Pinegrove got their start by self-releasing music and playing house shows. Now the band, composed of core members Evan Stephens Hall and Zack Levine, has released their fifth studio album entitled 11:11. Pinegrove’s sound is often referred to as “alt-country” due to their use of the banjo and a pedal steel guitar. However, their lyrics often give them a place in the emo genre as well. 

Their 11 track project tops out at 39 minutes and explores the more calm side of Pinegrove, lyrically and instrumentally. This album appears to trade out their more synth heavy era for a warmer sound. Acoustic guitars and background piano are more noticeable than ever. With roots in emo and rock, 11:11 is lyrically less aggressive as well. 

We begin with track 1, “Habitat”. This song is supposed to emanate the idea of driving around upstate New York in the winter time. I didn’t really pick up on that. “Habitat” is arguably the most aggressive song on the album, but only in parts. The seven minute song has plenty of range within it and plays into the overarching natural and earthy imagery throughout the album. While addressing birds evacuating trees and benthic tides, the song leaves us with an arguably political note, “Before I die/ Never forget/ The t-shirt says/ With no mask on”. I’m sure you can see how the song reached seven minutes while spacing out lines with four to five syllables each.

The track “Alaska” did not strike me well.
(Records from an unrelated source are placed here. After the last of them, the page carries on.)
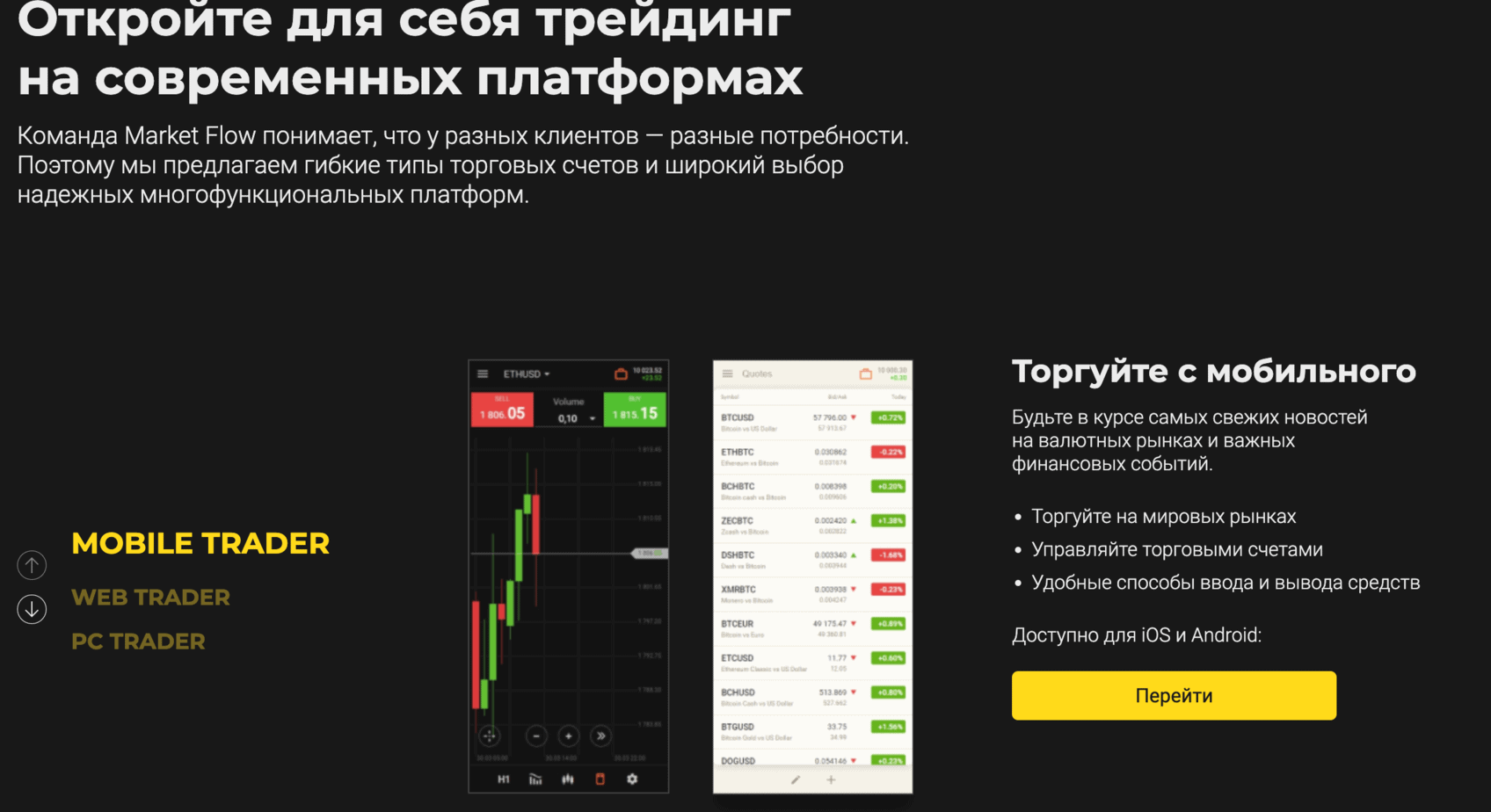 На мониторе всё выглядело стандартно для индустрии. Пользователи могли торговать на MarketFlow такими активами как криптой, металлами и т.д.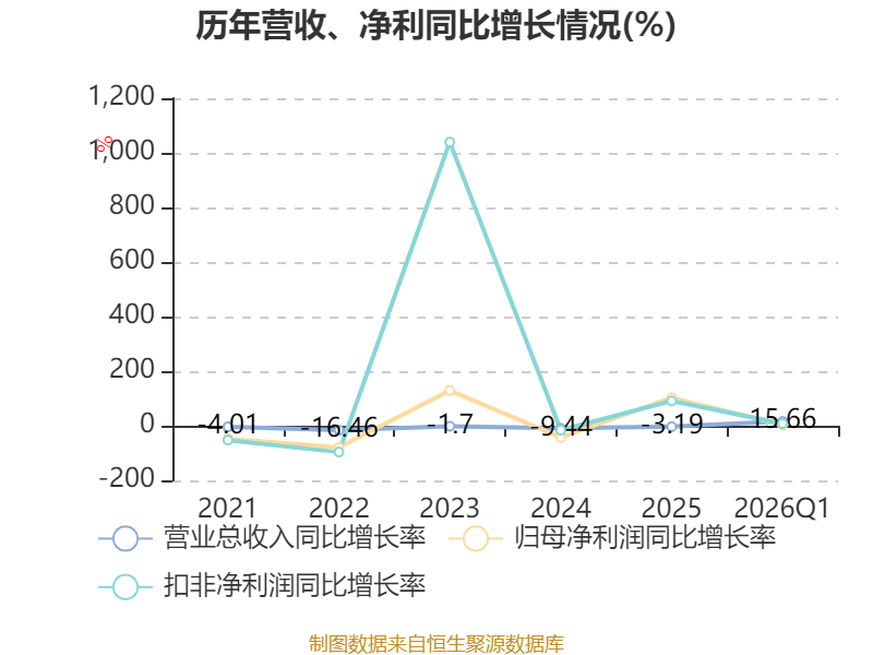 资产重大变化方面,截至2026年一季度末,公司货币资金较上年末增加11.37%,占公司总资产比重上升3.14个百分点;存货较上年末减少11.74%,占公司总资产比重下降1.41个百分点;其他流动资产较上年末减少37.28%,占公司总资产比重下降0.88个百分点;在建工程合计较上年末减少39.34%,占公司总资产比重下降0.79个百分点。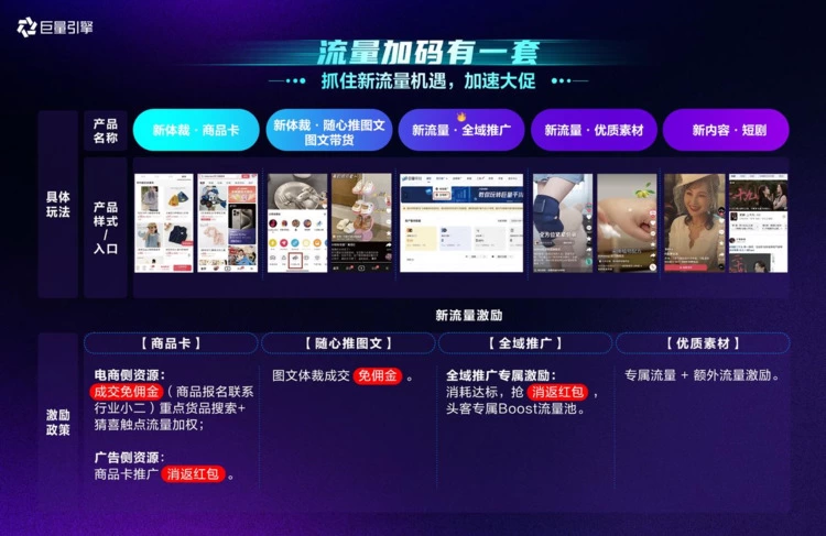 双11虽然不是流量的大促,但是要想赢得大促必须抓住流量。巨量引擎双11提前布局,推出了包括商品卡、随心推图文、短剧等在内的“新体裁、新流量和新内容”。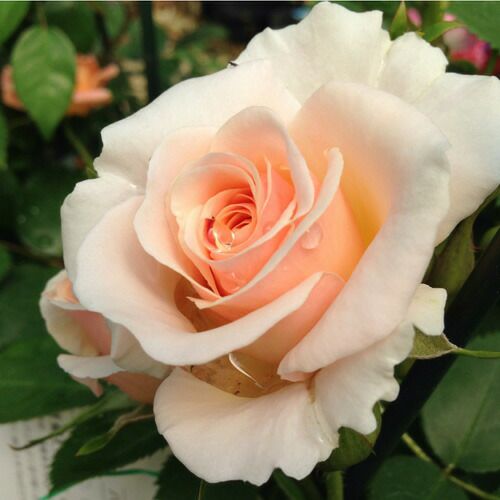 アプリコット色を含む淡桃色で、房咲き・多花性。青リンゴの様な心地良い香りがある。耐病性もあり初心者にも向く。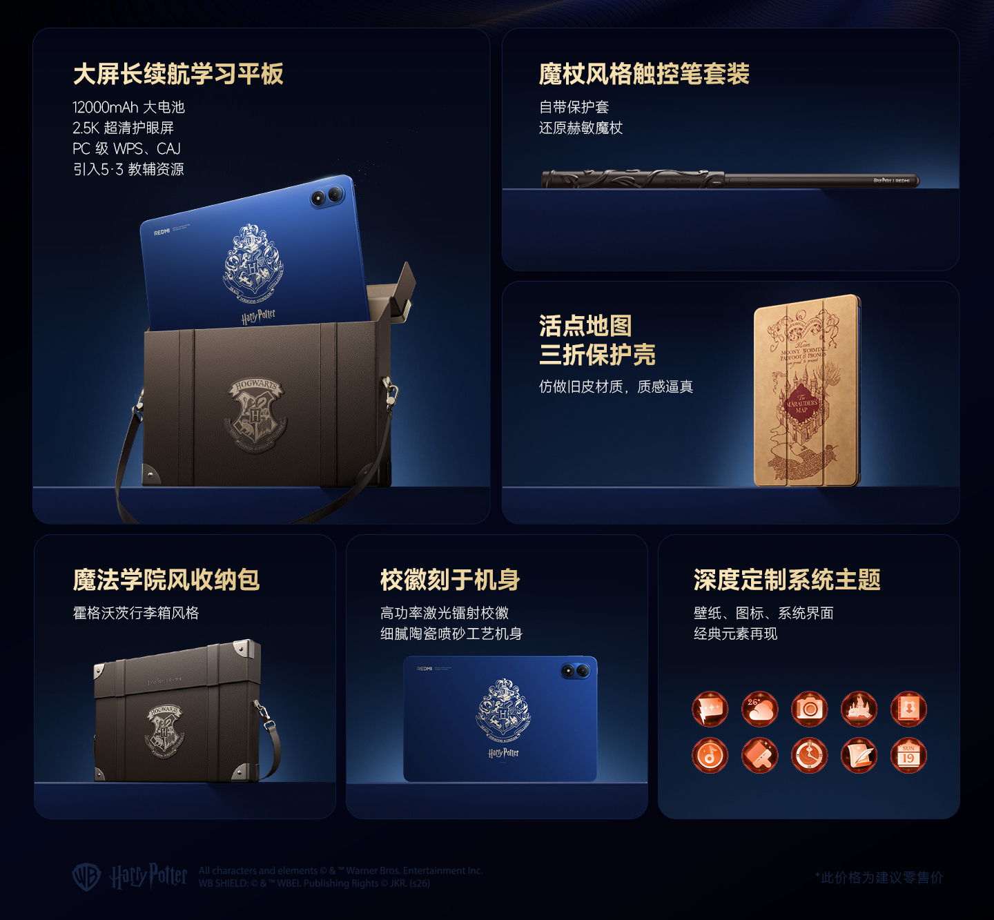 В отличие от обычных версий, Redmi Pad 2 Pro Harry Potter Edition выделяется оформлением и комплектом поставки, который включает несколько эксклюзивных аксессуаров, таких как переносной чехол, компактный чехол-обложка и стилус в виде волшебной палочки. Внешне планшет Harry Potter Edition отличается эксклюзивной синей отделкой с логотипом Хогвартса на задней панели. Также визуально изменены некоторые ярлыки пользовательского интерфейса операционной системы для соответствия магической стилистике.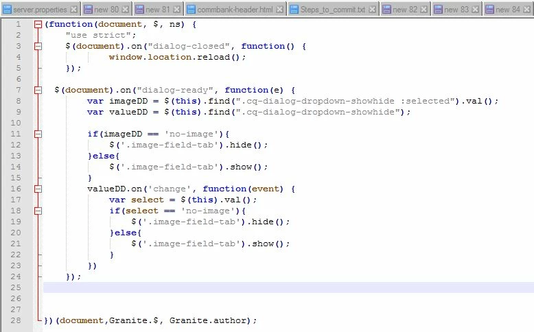 (function(document, $, ns) { "use strict"; $(document).on("dialog-closed", function() { window.location.reload(); }); // below method will be triggered during dialog load $(document).on("dialog-loaded", function (event) { $(".no-image").each(function () { Coral.commons.ready($(this), function (element) { var product = element.val(); showHide(product); }); }); }); // below method will be triggered during change of drop-down $(document).on("change", ".no-image", function () { showHide($(this).val()); }); // custom method to show or hide 'Image' tab based on No image selection from drop-down function showHide(product){ if(product == 'no-image'){ var a = $('.image-tab').parent().parent("coral-panel[role='tabpanel']").attr('aria-labelledby'); $('#'+a).hide(); }else{ var a = $('.image-tab').parent().parent("coral-panel[role='tabpanel']").attr('aria-labelledby'); $('#'+a).show(); } } })(document,Granite.$, Granite.author);​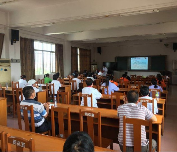 镇疾控中心黄良辉医生非常专业地向参加培训的人员详细讲解了教室、食堂、宿舍等场所消毒的流程、步骤及注意事项。黄医生从消毒剂的常用种类、消毒液的合理配制、如何科学规范使用消毒剂、消毒操作规范及注意事项、消毒喷雾器的选择等方面都作了深入细致地说明。另外,黄医生提醒宿管人员和食堂后勤人员,对学生的生活垃圾及饭后残余一定要处理好,时刻引导学生注意勤洗手、搞好个人卫生、养成良好卫生习惯。最后,黄良辉医生进行现场演练,并让民众中学相关人员反复练习以确保他们熟练掌握。

It honestly feels like a bunch of lyrics that don’t necessarily correlate and give off the feeling that they were thrown into the song. While I don’t enjoy the song, there were certain lines that stuck out to me and would’ve done very well if set with other cohesive lyrics. Hall describes the sky laid out before a pilot as an “opalescent open road” from which “time expanded”. The imagery is beautiful, but random. I imagine that Pinegrove was trying to remain as vague as possible about the album’s full contents.
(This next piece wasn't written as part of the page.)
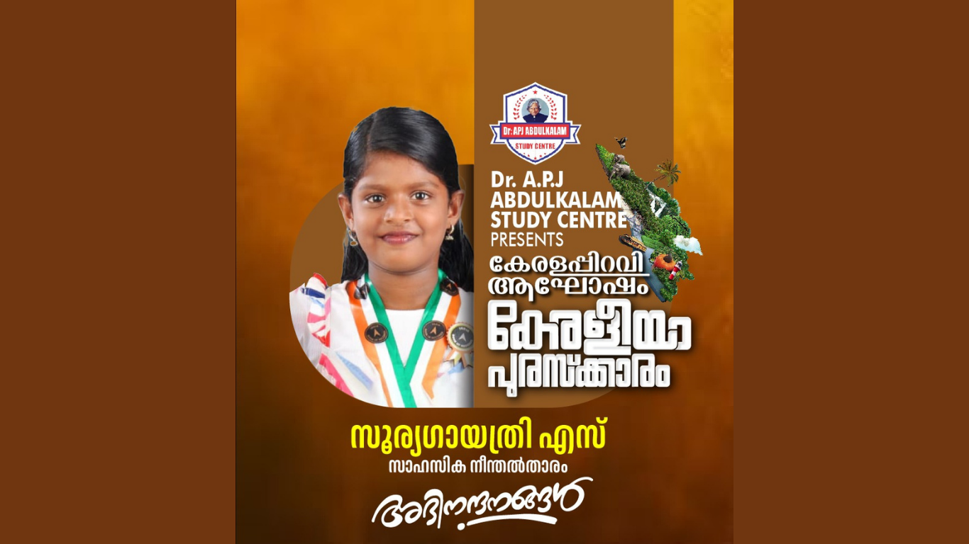 കേരളപ്പിറവി ആഘോഷങ്ങളുടെ ഭാഗമായി ഡോക്ടർ എ പി ജെ അബ്‌ദുൾകലാം സ്റ്റഡിസെന്റർ സമസ്ത മേഖലകളിൽ മികവ് തെളിയിച്ചവർക്കായി ഏർപ്പെടുത്തിയ കേരളീയം പുരസ്കാരത്തിനാണ് സാഹസിക നീന്തൽ താരമായ പത്തുവയസുകാരി കല്ലു എന്ന് വിളിക്കുന്ന സൂര്യഗായത്രി അർഹയായത്.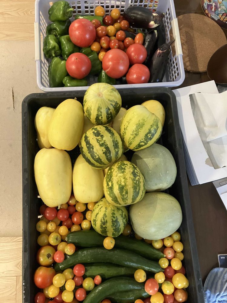 いろいろ収穫です。マクワウリおいしいです。取り出した種をまいて増殖させてみようかな

And as every album must have one repetitive, filler song, “Iodine” sufficed! Didn’t bother me, but didn’t delight me either.

A song that I adored is called “Respirate”. Hands down the most straightforward but still sonically pleasing track so far. “I crash against the wind feeling elegant/ The trees beneath my feet”. For me, “Respirate” represents the moment we all felt the world begin to open back up, as this album was written in September of 2020. Getting back into everyday life can be overwhelming, but Pinegrove reminds us in the chorus to stay calm and simply respirate.
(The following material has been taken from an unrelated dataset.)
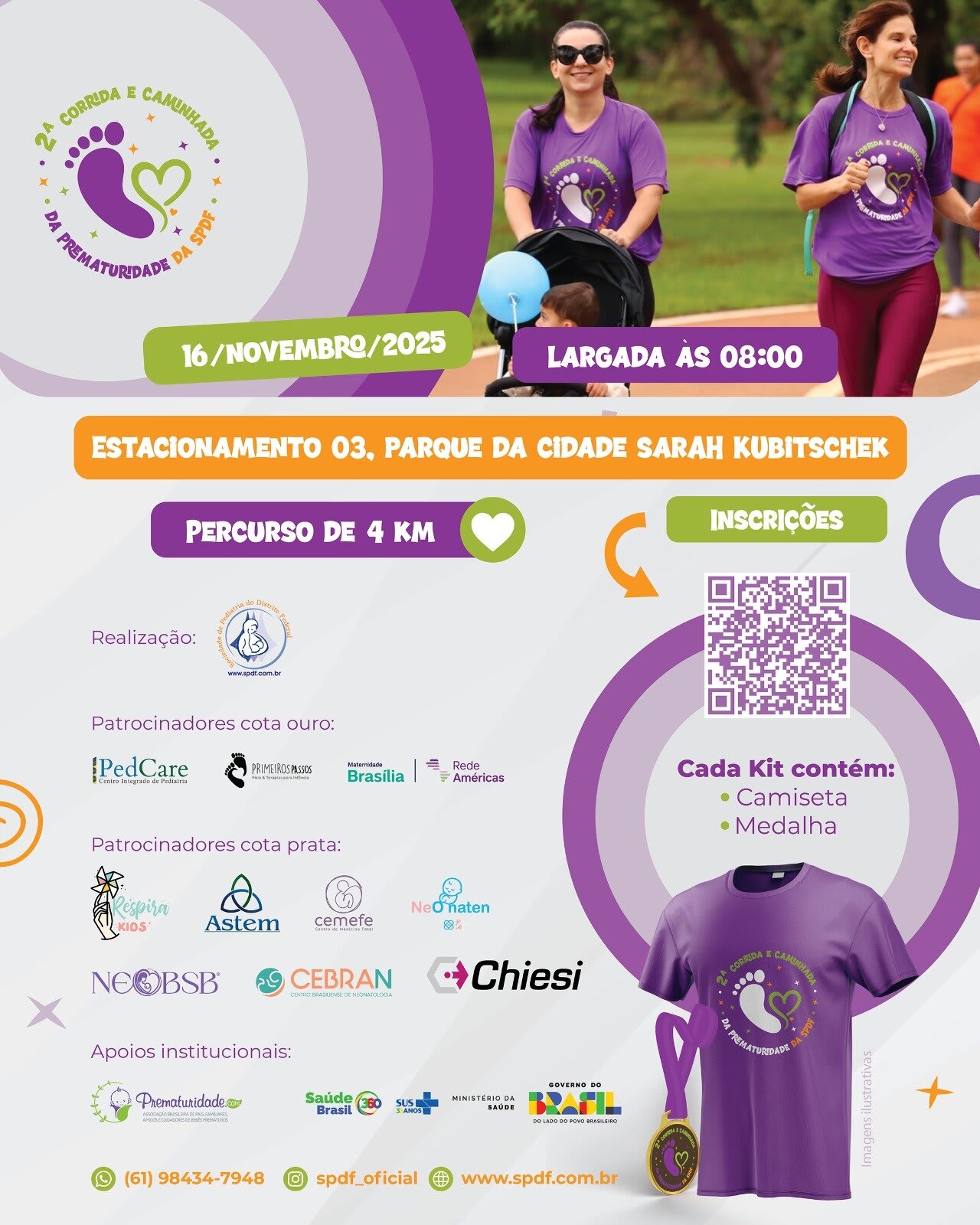 A manhã do domingo, 16/11, foi marcada por emoção, mobilização e informação no Parque da Cidade, em Brasília, durante a 2ª Corrida da Prematuridade, uma iniciativa da Sociedade de Pediatria do Distrito Federal (SPDF), com apoio da ONG Prematuridade.com e do Ministério da Saúde. O evento integrou a programação nacional do Novembro Roxo, mês dedicado à sensibilização sobre prevenção da prematuridade e cuidados com os bebês que chegam antes do tempo.

Another song off the album is “Swimming”. Hall and Levine hit the alt- country at full force with this song. For being from New Jersey, the southern accent was convincing. This song tells the story of what we can assume is a young Hall nearly drowning in the undertow as a child. When arriving back on the shore, he’s “sputtering into the moving trees” and the birds and clouds “going on without him”. While being near death, as we discover at the end of the song, the world still turns and life goes on as usual. Even with this notion being terribly upsetting we all still go on. It kind of seems uplifting!

The appropriately titled eleventh track, “11th Hour”, in a mere three verses hurt my feelings more than any other track. The lyrics seem to suggest intrusive thoughts of impending dooms. “Suddenly we’re sinking/ And I’m singing, and I’m old” directly turns into “Now what were we talking about now?”. He also mentions he cannot stop laughing at his own thoughts or simply laughing without reason. One more concerning than the other. Finally, there’s an “actual emergency now” and after a few more vague lines the album is done!

I think Pinegrove has more things to say and more albums in them. I think as a band, after five albums of the band discovering their niches and sound, we’ve solidified the true Pinegrove sound. With the release of this album, 11:11, I believe we can all resonate with the fact that we’re wishing for better too.